Exercise instructions:
Write out the material below again, line for line, without any images.

#### Given data

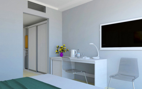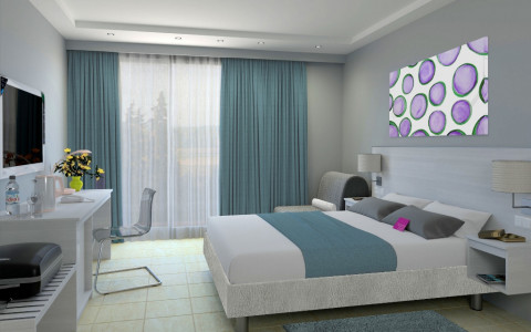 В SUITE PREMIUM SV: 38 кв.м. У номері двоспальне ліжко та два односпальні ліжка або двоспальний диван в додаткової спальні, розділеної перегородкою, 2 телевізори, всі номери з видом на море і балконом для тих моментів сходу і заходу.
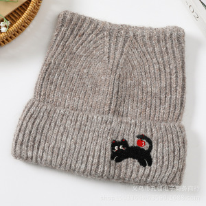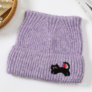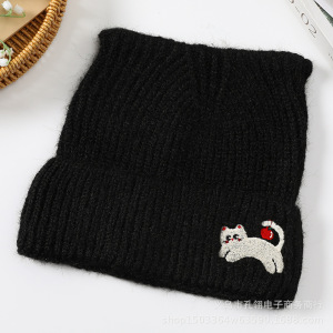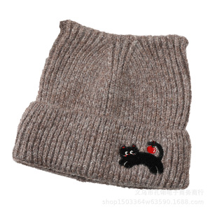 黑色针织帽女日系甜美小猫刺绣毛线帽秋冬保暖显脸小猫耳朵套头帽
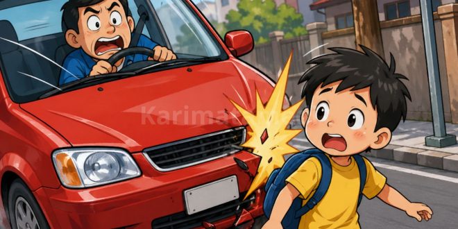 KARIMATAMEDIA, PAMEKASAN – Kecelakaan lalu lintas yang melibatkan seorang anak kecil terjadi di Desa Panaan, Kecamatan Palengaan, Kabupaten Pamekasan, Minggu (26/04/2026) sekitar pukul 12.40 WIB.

########

Response to the task:
 В SUITE PREMIUM SV: 38 кв.м. У номері двоспальне ліжко та два односпальні ліжка або двоспальний диван в додаткової спальні, розділеної перегородкою, 2 телевізори, всі номери з видом на море і балконом для тих моментів сходу і заходу.
 黑色针织帽女日系甜美小猫刺绣毛线帽秋冬保暖显脸小猫耳朵套头帽
 KARIMATAMEDIA, PAMEKASAN – Kecelakaan lalu lintas yang melibatkan seorang anak kecil terjadi di Desa Panaan, Kecamatan Palengaan, Kabupaten Pamekasan, Minggu (26/04/2026) sekitar pukul 12.40 WIB.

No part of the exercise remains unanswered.